Our journey, as described by our boatwoman Thuy Lan, would take us north of the Van Long Wetland Reserve, then the boat would follow the foothills eastward.

The small boat took us through a tiny creek towards the foot of the mountain. The surrounding reeds and rushes were lush green, and looking down into the water, we could see layers of vibrant green algae and schools of fish swimming among the water.

Our boat weaved through the reeds, catching the cool breeze blowing in from the east, stirring the peaceful landscape. In the distance, the fishing boats of the local people cast their reflections on the water; even a small fish surfacing to gasp for air would create ripples that spread across the area.

Or you could freely roam around by bicycle.

As a professional tour guide, Thuy Lan told us the legend of the highest mountain here. Long ago, a fairy visiting the mortal world passed by this mountain peak. Seeing the picturesque scenery, she stopped to admire it and fell in love with a poor young man living on the mountain, diligently studying. Their love story, a clash between the fairy and the mortal world, was punished by heaven, transforming them into two mountains named Nghiên Mountain and Cô Tiên Mountain, standing close together but forever unable to become husband and wife.

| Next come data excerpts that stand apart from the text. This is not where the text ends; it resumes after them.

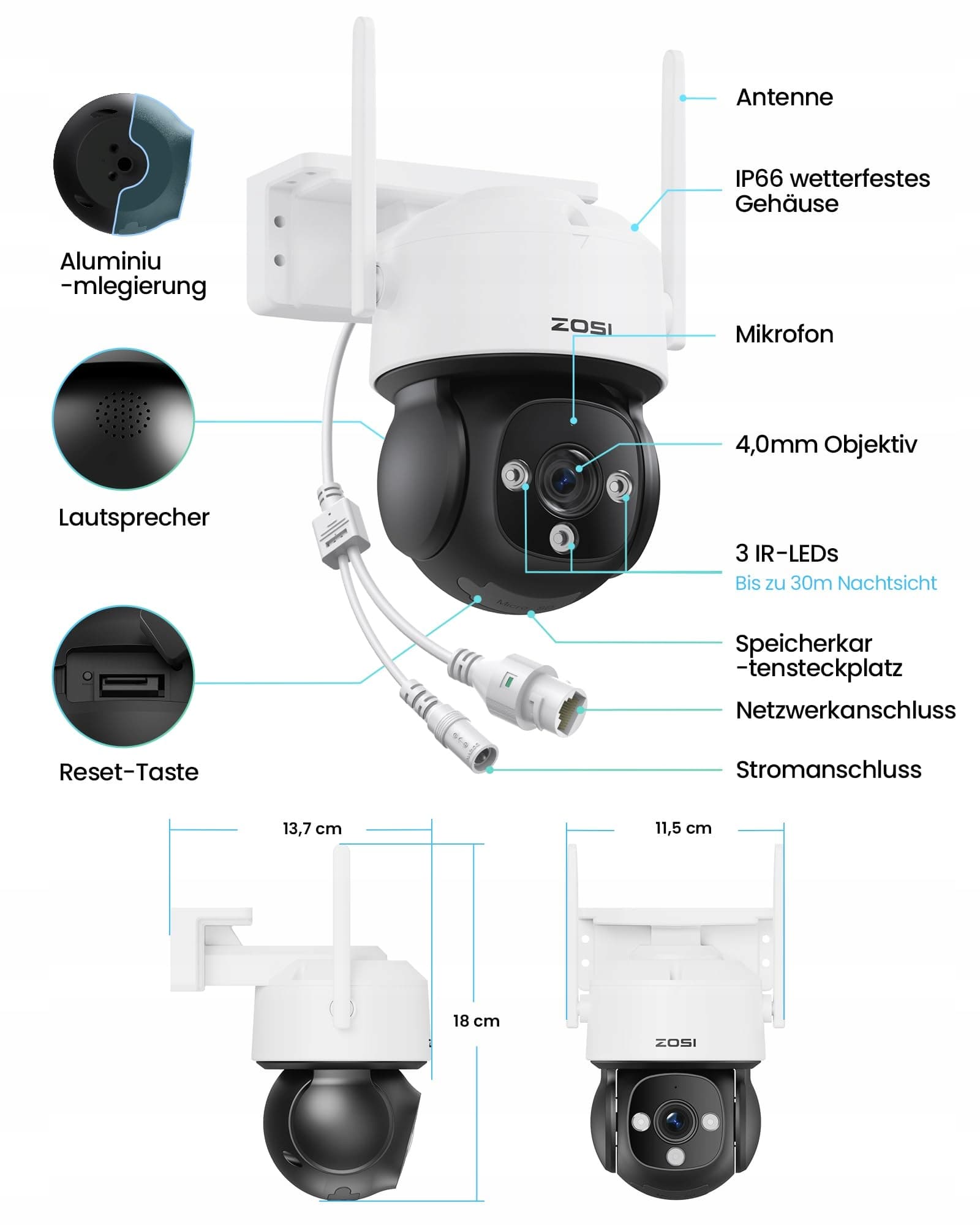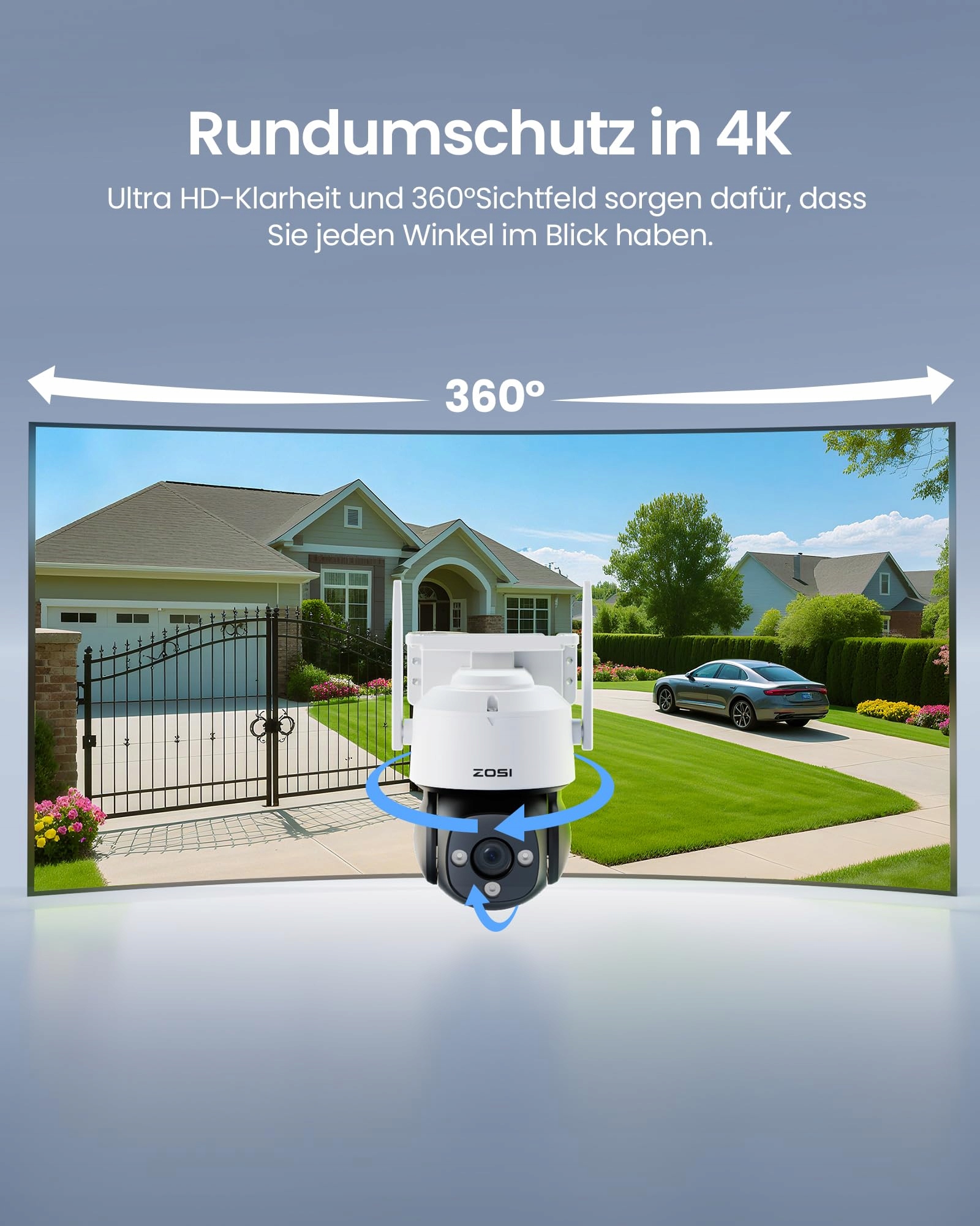ZOSI 4K 8MP Kamera do monitoringu WLAN na zewnątrz z kartą 64GB, kamera PTZ 360°, rozpoznawanie osób i pojazdów, automatyczne śledzenie, dwukierunkowe audio, podczerwień do nocnego widzenia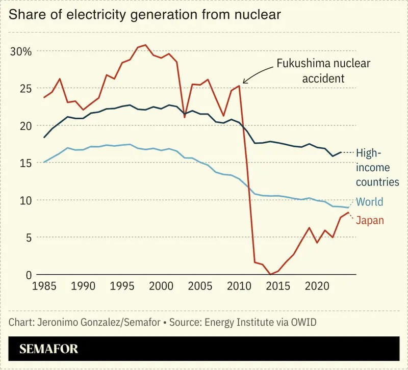 پیش از این، ۳۰ درصد برق ژاپن از هستهای تأمین میشد. راهاندازی مجدد این نیروگاه و ۱۴ نیروگاه از ۵۴ نیروگاه دیگر، برای مقابله با افزایش قیمت نفت و گاز و تضمین امنیت انرژی کمکربن صورت میگیرد. در سطح جهانی نیز، ۳۳ کشور متعهد شدهاند تا سال ۲۰۵۰ ظرفیت هستهای خود را سه برابر کنند.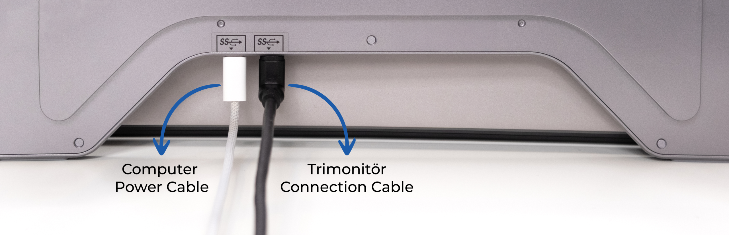 If your computer has USB-A ports, plug one end of the dual USB-A cable shown in the picture into your computer for power and the other end for video transmission. Then you can connect the Trimonitör with the USB-C end.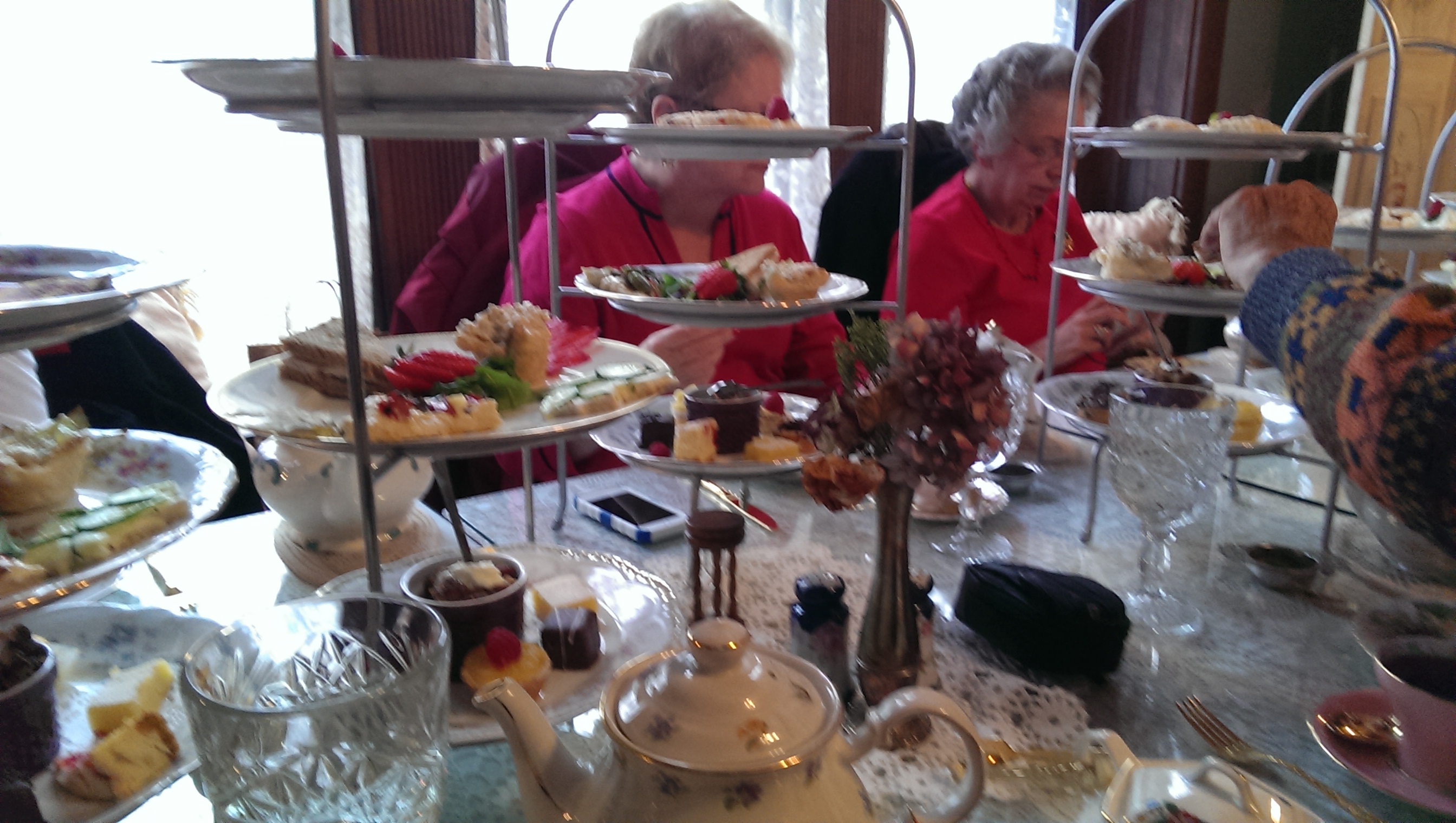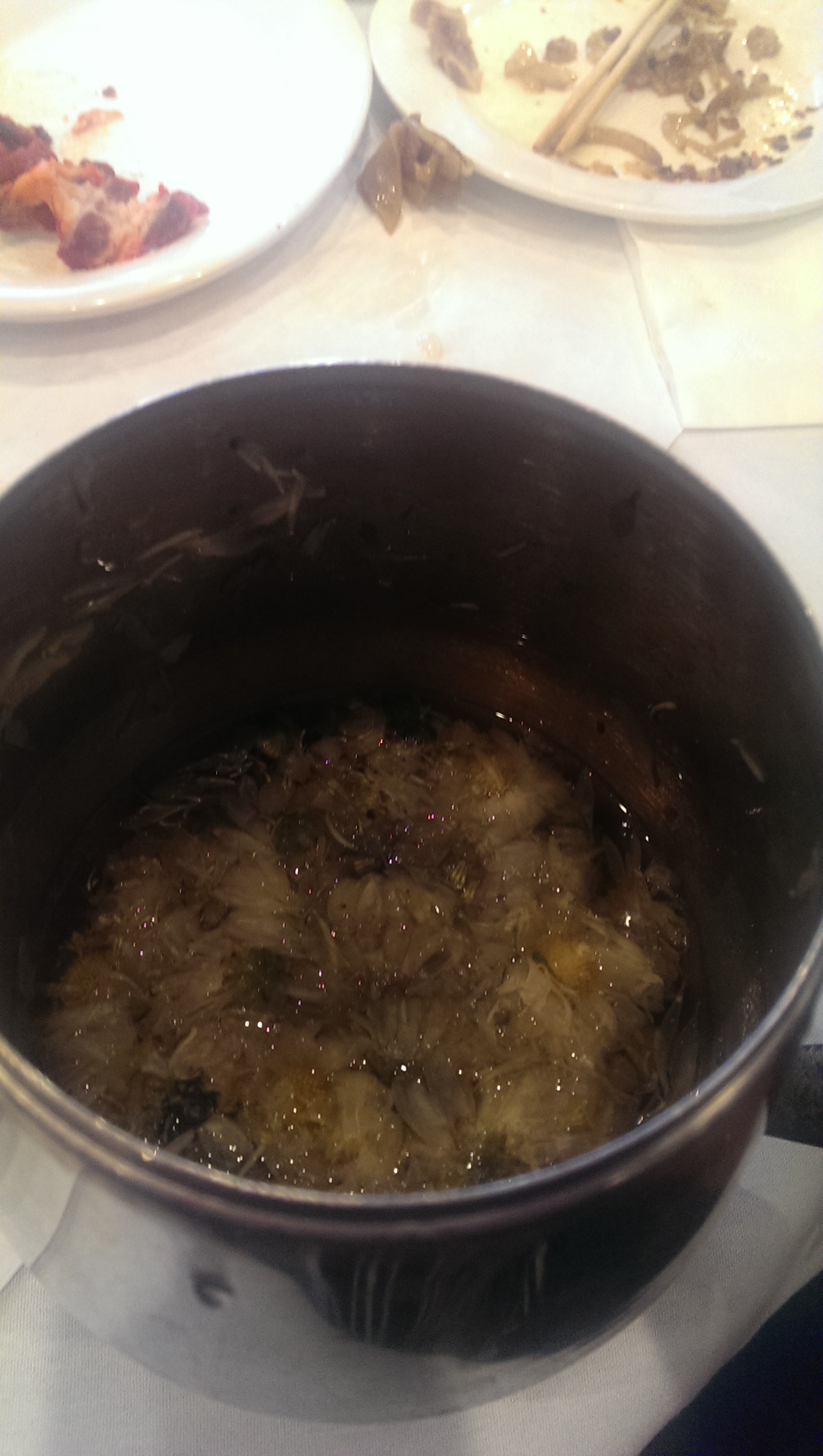 Food service was quick as the carts came around, but our poor vegetarian friends who ordered off the menu finally got their food almost when we were finished. And we had to remind the waiter that I had also ordered pea shoots with garlic. The dumplings were good, and we had a ton of them, ranging from Sue My (aka shu mei), Fun Goa (steamed dumpling with chopped veggie, shrimp and pork), a dumpling with scallions and some kind of meat, xiao lao (soup buns but they had sat too long and the soup had escaped from them – they still tasted good though and was the favorite dumpling for most of us) and Sin Joe Gin (fried tofu skin stuffed with sausage). We had two buns – 4 Sue Bough (baked BBQ pork buns) and 4 Guy Me Bough (a bun with coconut). I cut them up into four pieces each so we could all try them. We also ordered one sticky rice in a lotus leaf, which I normally love, but I was really disappointed with it here. Despite being packed with various meats it lacked profundity and most of all flavor. The pea shoots and garlic was delicious, and it came with a side of rice. Our bill came to $60.75, which broke down to $10.50 a person including tax and tip.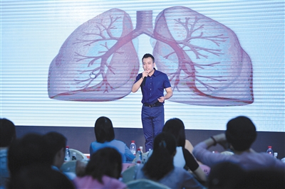 7月12日,由中华医学会科普分会主办,北京大学第一医院协办的扬子江杯第二届全国医学科普能力大奖赛在北京举行。图为大赛参赛选手在演讲展示医学科普知识。 新京报记者 吴江 摄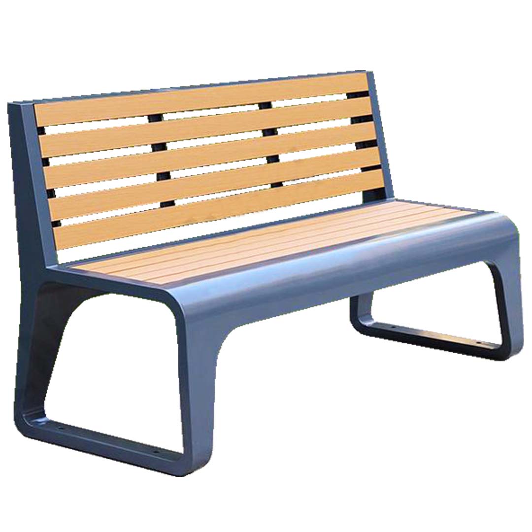 Banca fabricada con estructura de acero inoxidable, con recubrimiento en pintura electrostática color gris y asiento de madera plástica PS. Diseño resistente para uso exterior.

On our next leg of the journey, we crossed mountains with names associated with interesting legends, such as Cat Scratch Mountain, Sticky Rice Mountain, Bookcase Mountain, and Table Stone Mountain... The most exciting part was when we arrived at the heron island area at sunset. This is a flooded forest area nestled amidst reeds, a gathering place for migratory birds that come to roost in the winter.

At this time of year, many migratory birds from the North, such as Bonelli's eagles, grey herons, great egrets, kingfishers, grey herons, white egrets, and bitterns, gather and fill the sky, creating a fascinating scene of rivers, clouds, and flying birds.

In autumn, flocks of white egrets fly gracefully over the reeds growing in the flooded swamps.

As the afternoon sun faded behind the towering limestone mountains, Thuy Lan informed us that we might encounter langurs descending from the mountains to the lagoon to drink water and forage. We spotted a large langur perched precariously on a mountaintop in a ravine. Upon seeing our boat, the langur climbed deeper into the dense foliage.

According to Thuy Lan's experience, on humid, foggy days, you can encounter a troop of more than a dozen langurs coming down from the mountains. If they encounter tourists in boats, the langurs will scatter and call out to each other as they head back up the mountain.

As evening falls, the sky and waters of Van Long are tinged with a melancholic mist.

As the day drew to a close, the sky was filled with hazy clouds, and in the distance, the calls of cranes and the rustling of reeds evoked the serene sounds of a peaceful landscape.